Impecables las consideraciones al artículo (si se puede llamar así) de Pedro Simón. Gracias, Alberto.
ResponderEliminarMuchas gracias, Luis.
EliminarQuerido amigo:
ResponderEliminarDesoyendo tu consejo, he leído el artículo del señor Simón y he desentrañado su hilo argumental: como Javier Tamayo repitió de pequeño un curso, hubo una vez un profesor que se equivocó lastimosamente con él y, después de todo eso, alcanzó el premio Nacional de Física, hay que suprimir los deberes.

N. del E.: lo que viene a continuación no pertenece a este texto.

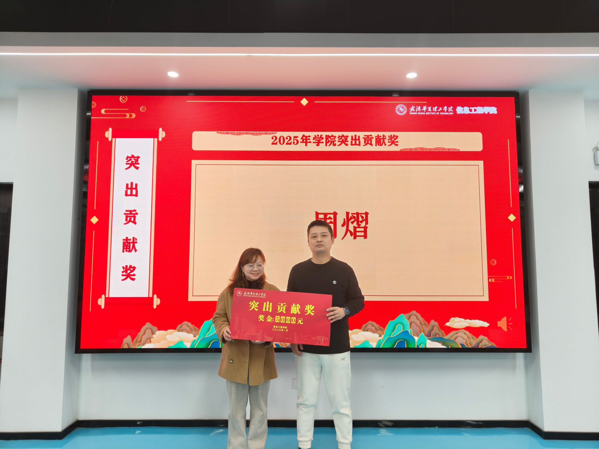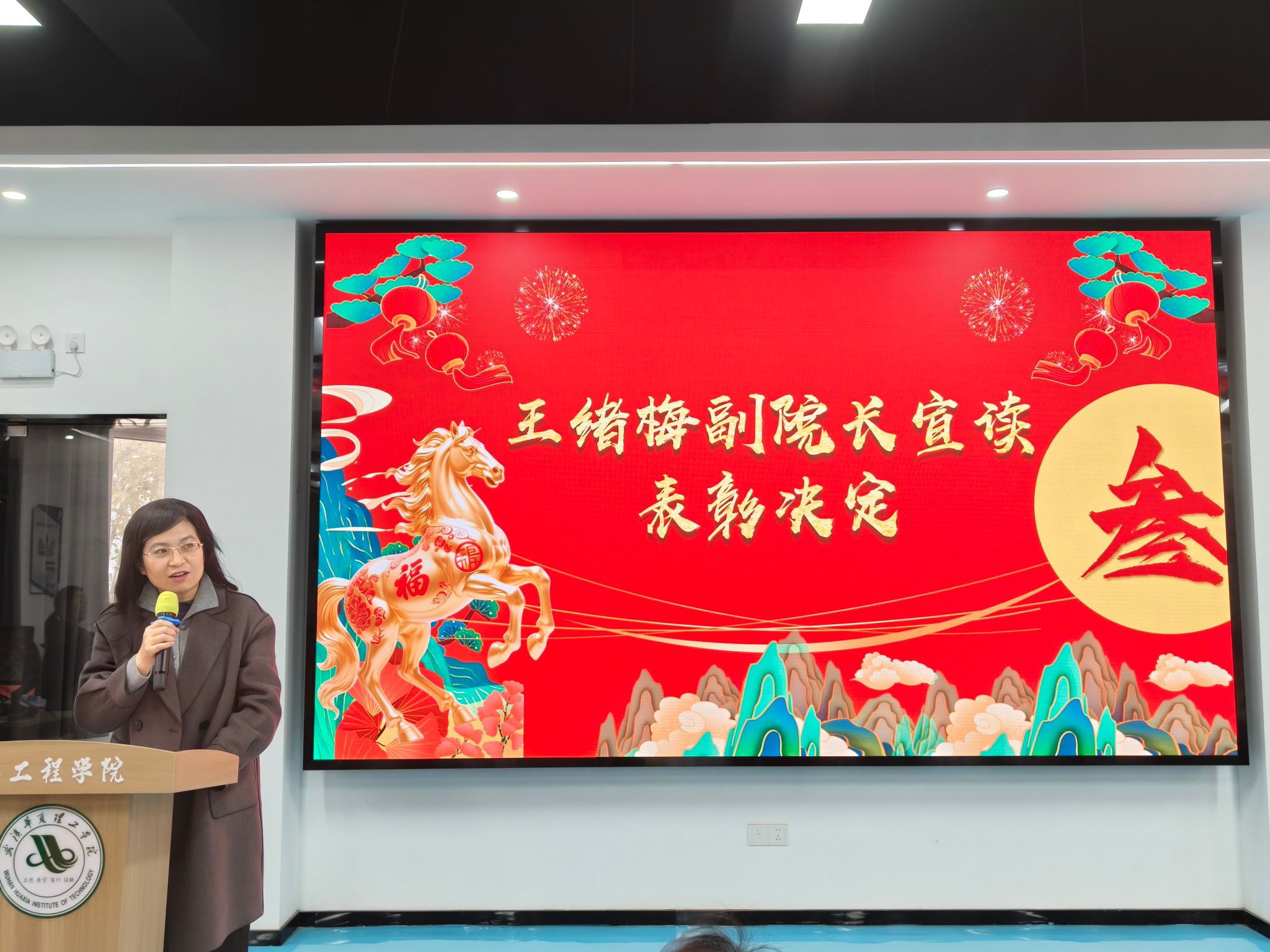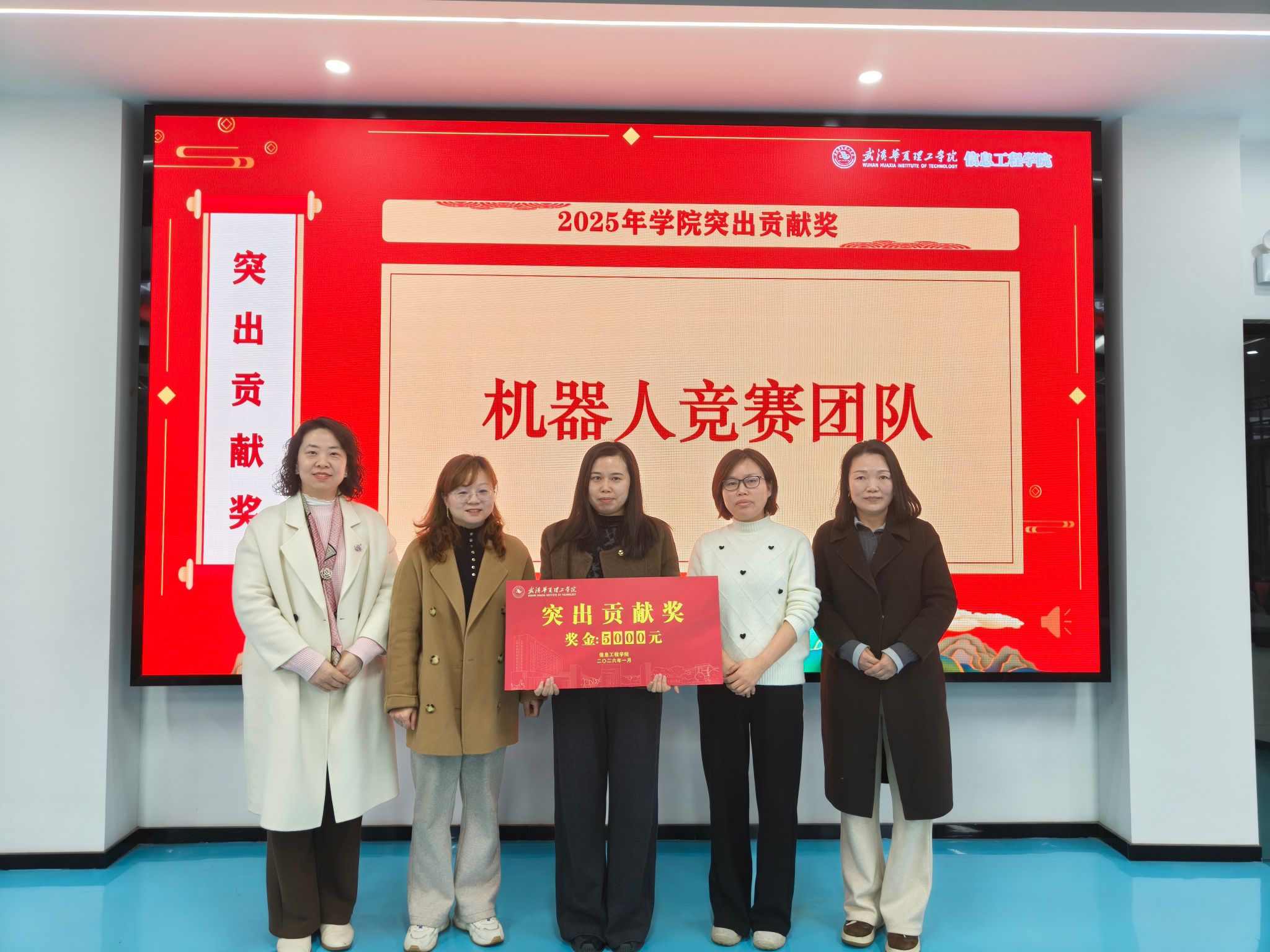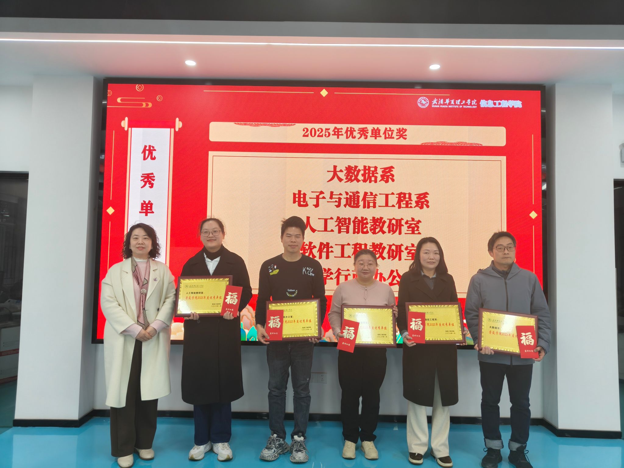 第三环节,王绪梅宣读了2025年度先进集体与个人表彰决定。本年度设立“突出贡献奖”和“优秀单位”两类奖项。周熠因积极推动学科与产业对接,成为学校首位华为全球开发者专家与开发者布道师,并协助学校成功加入全球智慧物联网联盟,其指导的学生团队在《2025统计科学与算法编程挑战赛》中荣获一等奖1项、二等奖3项、三等奖3项。电赛指导教师团队阮波、章科峰、熊利祥、唐嘉乐、赵京、王行娟凭借扎实的专业能力与全程悉心指导,带领学生在2025年全国大学生电子设计竞赛中取得历史最佳成绩,共获省级一等奖3项、二等奖1项、三等奖2项。睿抗机器人竞赛指导教师团队梁梦凡、赵京、李莉、苏明霞、王行娟坚持“以赛促学、以赛促教”,三年来累计指导学生获得国赛一等奖6项、二等奖4项、三等奖4项,省赛一等奖9项、二等奖7项、三等奖4项。教学行政办公室在保障日常教学运行与本科合格评估工作中表现突出,荣获“优秀单位”。此外,大数据系、电子与通信工程系、人工智能教研室、软件工程教研室四个单位获评学校优秀基层教学组织。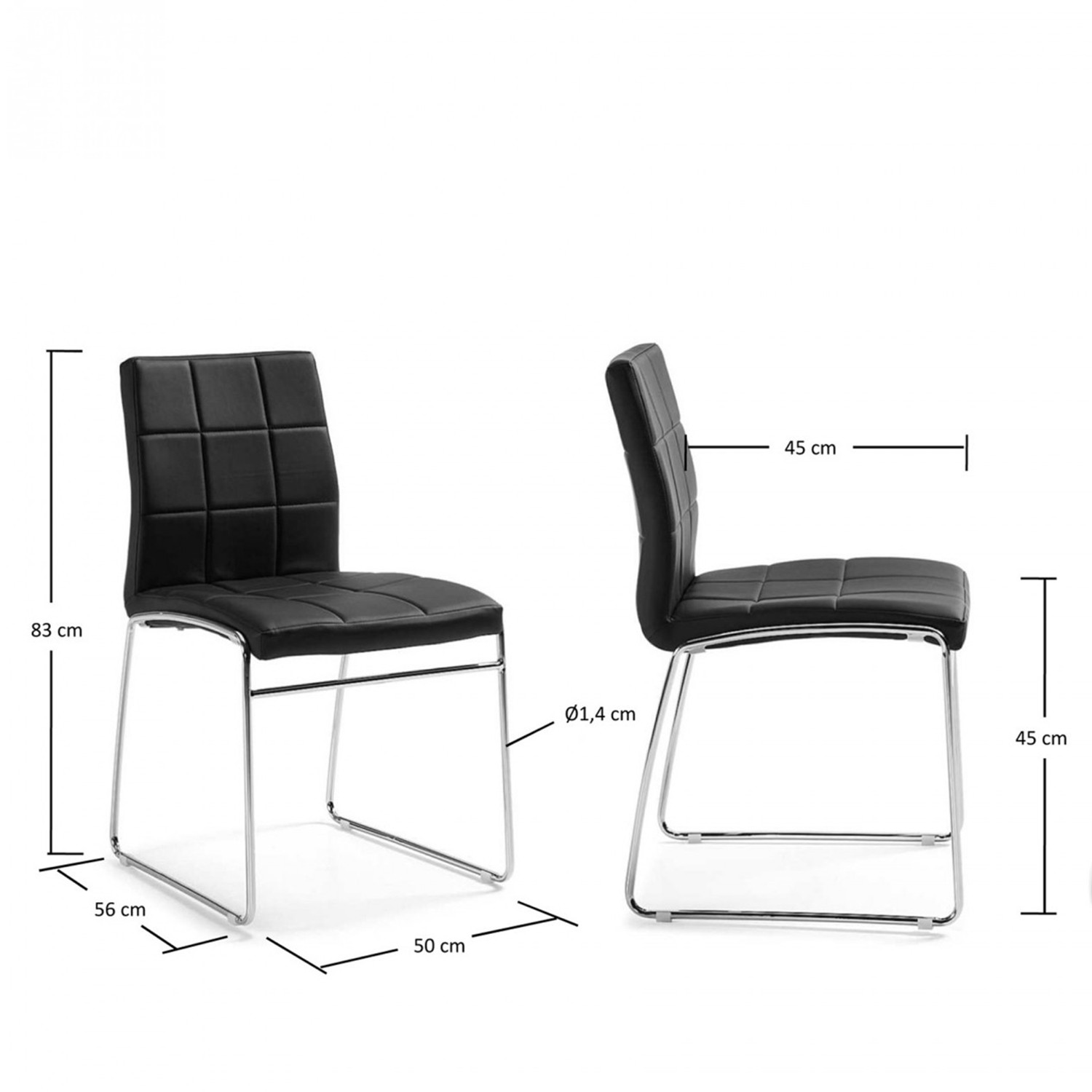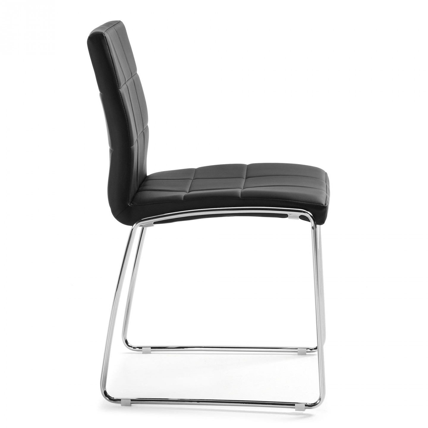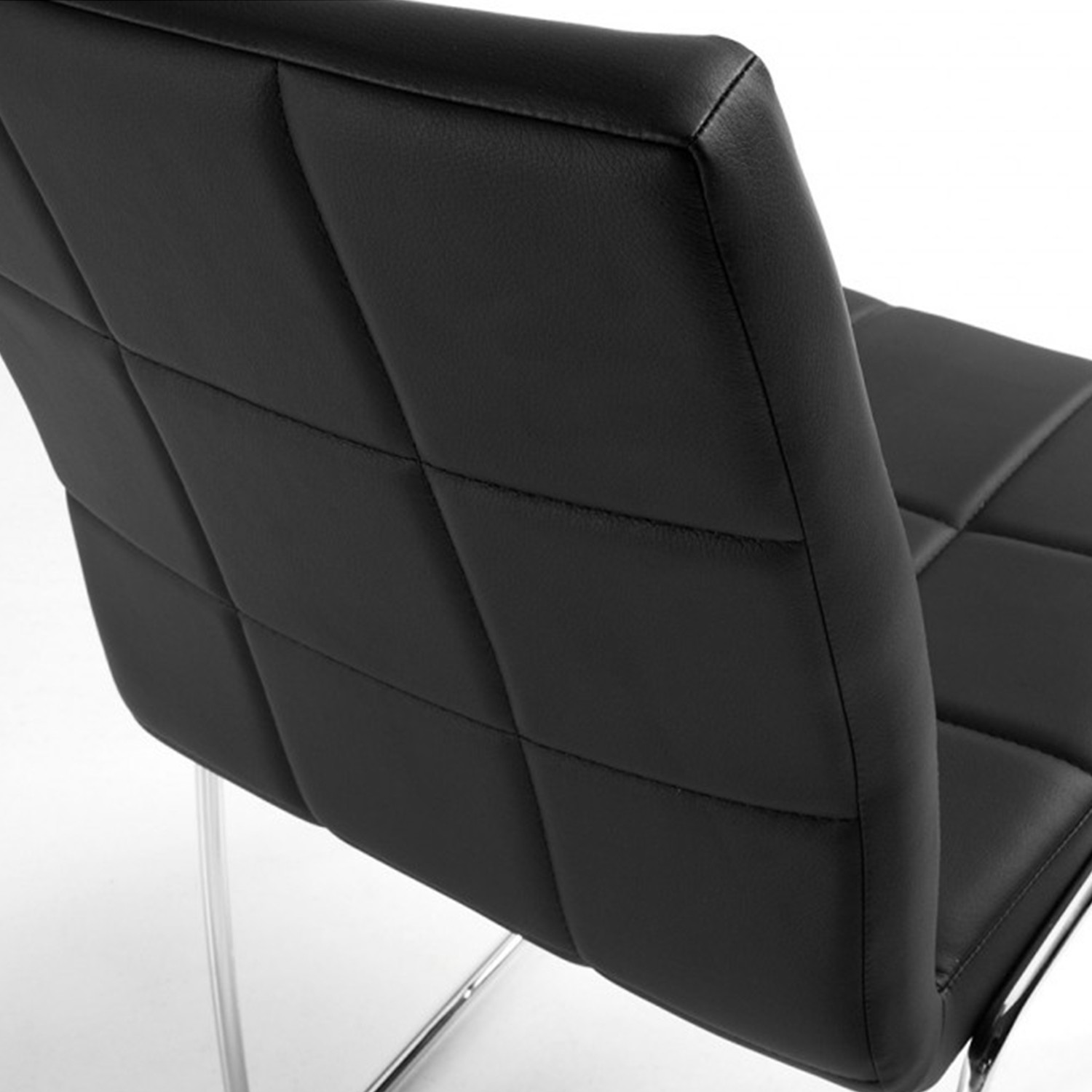 Se trata de una silla de corte clásico formada por una estructura de dos patas de metal cromado en forma patín que culmina con un asiento y un respaldo tapizado en polipiel en color negro. Para un mejor acabado, cosidos decorativos en ambos.
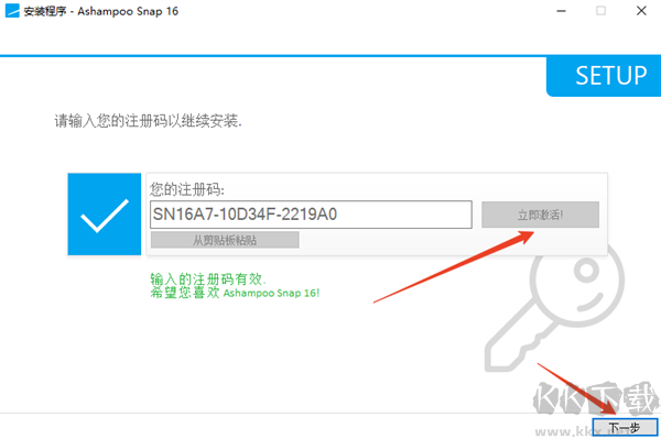 5、將注冊(cè)碼輸入到箭頭所指,而后點(diǎn)擊立即激活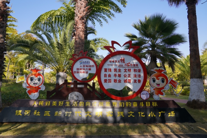 银河社区成立于2002年10月26日,位于蒙自新城区,辖区面积2.11平方公里,有省州市驻区单位16家、私营企业82家,居民总户数5022户、总人口14141人,社区党总支下辖4个党支部,有正式党员226名。2017年10月,试点推行社区“大党委”,把驻区16个单位21个党组织、571名党员联结起来,构建纵向到底、横向到边的城市基层党建新格局。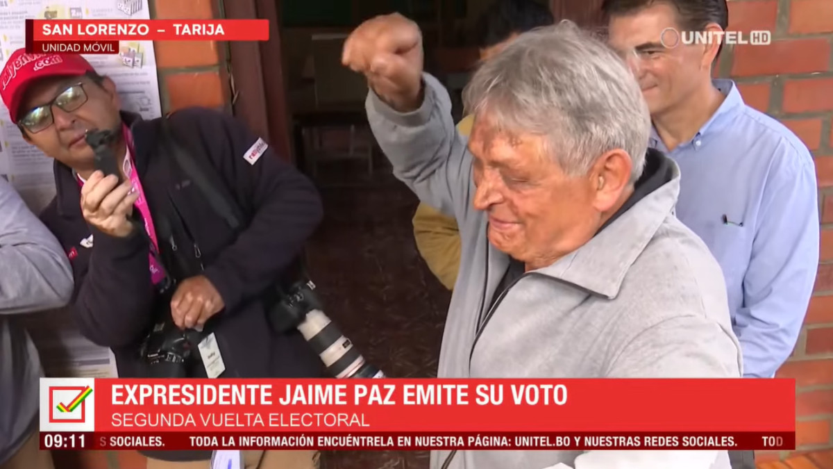 El expresidente Jaime Paz Zamora acudió este domingo a emitir su voto al municipio de San Lorenzo, Tarija, acompañado de su hijo, el candidato presidencial Rodrigo Paz Pereira, en el marco de la segunda vuelta de las elecciones generales en Bolivia.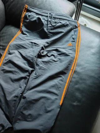 Pantalón de chándal estilo baggy de Adidas, con un toque Y2K. - Diseño holgado. - Detalles de rayas naranjas en los laterales. - Cintura con cordón ajustable.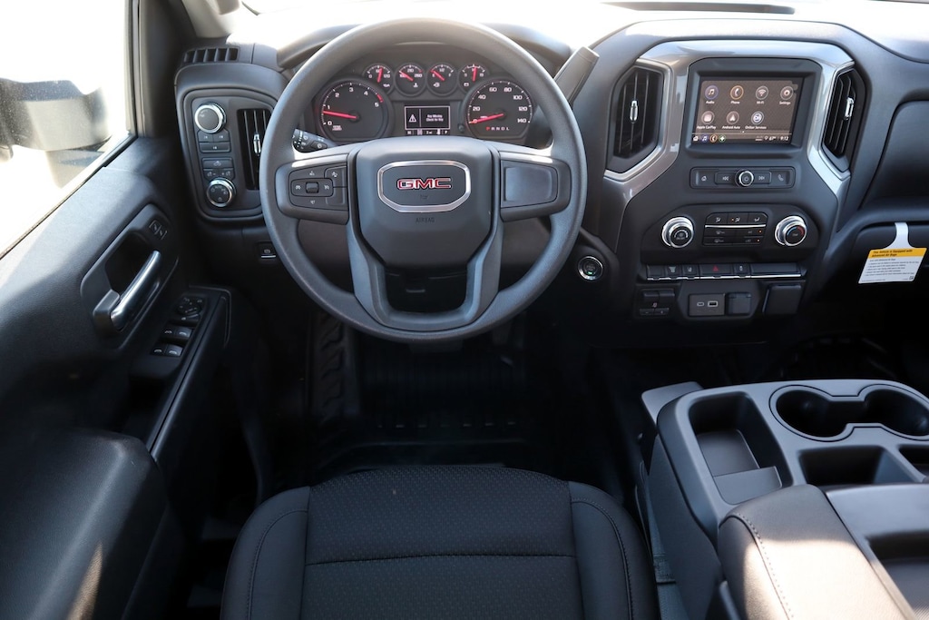 Step inside the Sierra 3500HD Pro and experience the perfect blend of rugged capability and refined comfort. With features like air conditioning, an electric rear-window defogger, and a split-bench front seat, you'll enjoy a premium driving experience no matter the task at hand.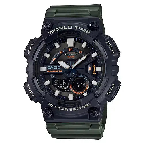 Master time zones with the dynamic Casio Analog-Digital World Time AEQ-110W-3AVDF Men's Watch. This versatile timepiece features a striking green dial with bold analog hands and integrated digital sub-dials, providing instant access to World Time, stopwatch, timer, and alarms. With its durable green resin strap, 100-meter water resistance, and an impressive 10-year battery life, the AEQ-110W-3AVDF is built for reliability and active lifestyles. Its unique combination of analog elegance and digital utility, along with Telememo, makes it an indispensable accessory for any modern explorer.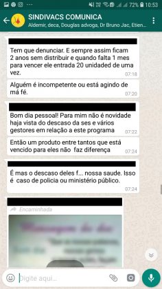 “O parecer do sindicato é para não receber o produto. Por mais que seja dentro do prazo de validade, não tem tempo hábil para poder consumir esse produto. Já está praticamente dentro do mês de vencimento, pois é no mês de janeiro de 2019.” disse ao observar que “O sindicato estuda medidas cabíveis para fazer a denúncia junto aos órgãos competentes.”, concluiu Pereira.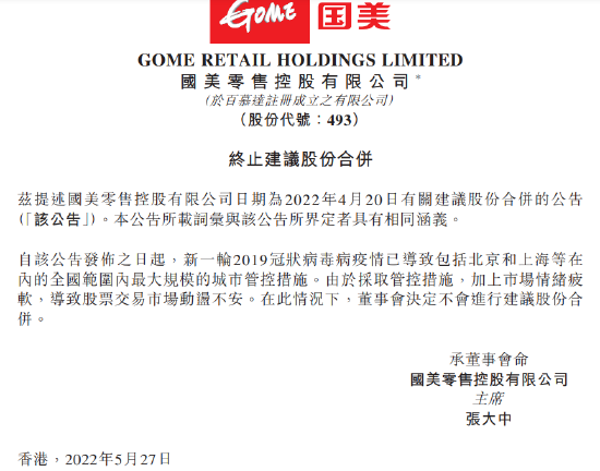 国美零售发布公告称,由于因疫情采取管控措施,加上市场情绪疲软,导致股票交易市场动荡不安。在此情况下,董事会决定不会进行建议股份合并。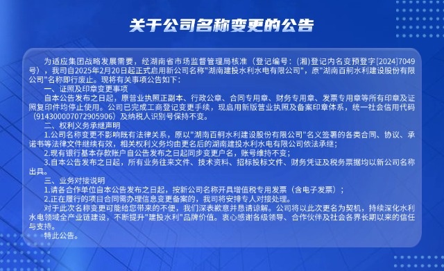 2022年9月,原湖南建工集團(tuán)與原湖南交水建集團(tuán)合并組建湖南建設(shè)投資集團(tuán)。原雙方集團(tuán)旗下的湖南百舸水利建設(shè)股份有限公司和湖南建工集團(tuán)水利水電工程公司合并為湖南建投百舸水利公司,實(shí)行兩塊牌子(百舸水利、建工水利)管理,為湖南建投集團(tuán)唯一水利建設(shè)企業(yè)。2024年9月,公司正式更名為湖南建投水利水電有限公司(簡稱湖南建投水利),統(tǒng)籌管理“百舸水利”“建工水利”“施工公司”“疏浚公司”等子品牌。
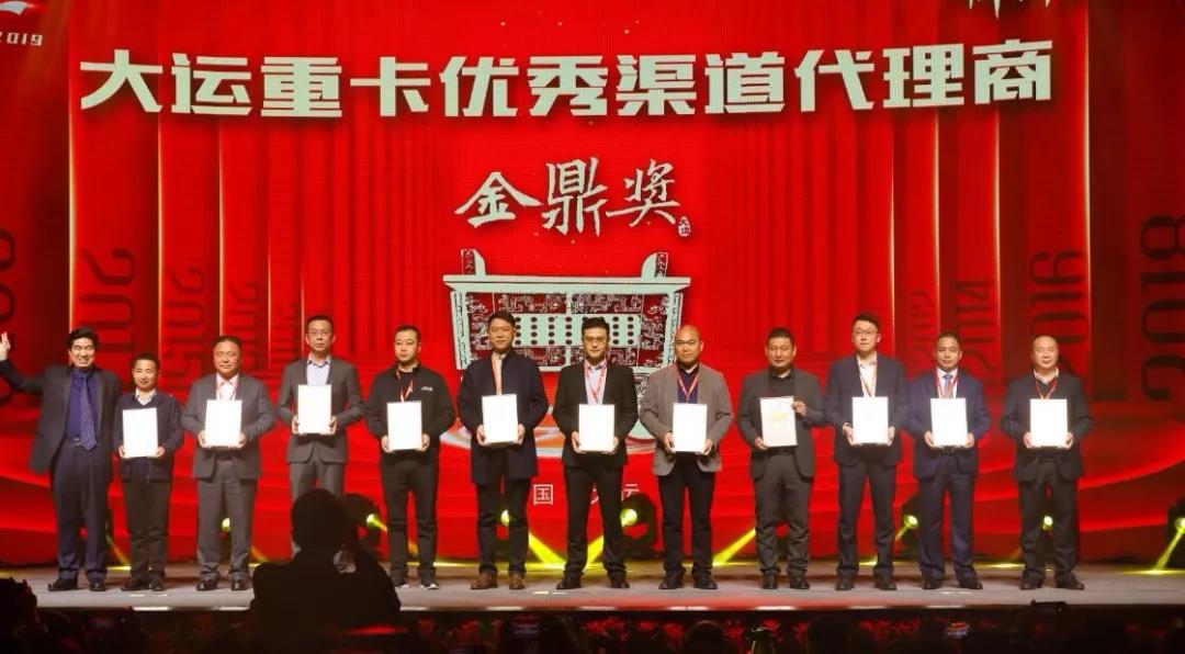 大运集团董事长远勤山为大运重卡优秀渠道代理商颁发金鼎奖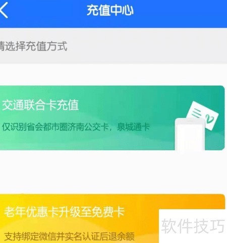 3、 在充值退费页面顶部,选择交通联合卡充值选项。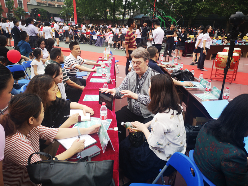 5月18日下午,365英国上市_德国汉堡科技应用大学沃尔夫冈教授携带着自己360度全景摄影器材走进武汉市育才美术高中,用360度全景摄影方式拍摄育才美术高中2019年毕业典礼,这也是他在365英国上市本科生中开展的“认识武汉”课程教学的一个组成部分。武汉育才美术高中是一所每年有六百多毕业生的美术高中,每年要为365英国上市输送30多位优秀的毕业生,一直是365英国上市的优质生源基地。

Es como aquello que decía: "el día que yo nací / nacieron todas las flores,/ por eso los albañiles/ llevan alpargatas blancas." La cruzada contra los deberes es vieja y en 2015 la propulsaron doña Eva Bailén (a quien me parece que el señor Simón ha pirateado brutalmente los argumentos) y la CEAPA. Ese símil del niño escolar y el adulto currante lo manejó ella y es de una debilidad brutal, así estamos. Tú ya sabes que yo opino lo que tú: los deberes son imprescindibles, aunque el profesor debe administrarlos con tiento y sabiduría. Dicho esto, veo algunas contradicciones:
-Yo estaría encantado de calificar solo por los exámenes, pero, paradójicamente, son los padres más logsianos (esos que se quejan de los deberes) los que, cuando les conviene, me piden que los tenga en cuenta a la hora de pone las notas.
-Es verdad que hoy aparecen episodios de sobrecarga de deberes absurdos, ¿sabes dónde? En las metodologías por trabajos, proyectos y demás, es decir, nuevamente, las de los defensores de no exigir demasiado a los niños.
-Y la última: después de siglos de niños conviviendo con los deberes, ¿hemos tenido que llegar a 2015 y años posteriores para ver que son un horror?
Hay aquí demasiada incongruencia. Un abrazo.
En efecto, Pablo. Y muy probablemente quienes defendemos los deberes somos quienes menos tareas mandamos. Yo, por ejemplo, no mando casi nunca. Un abrazo.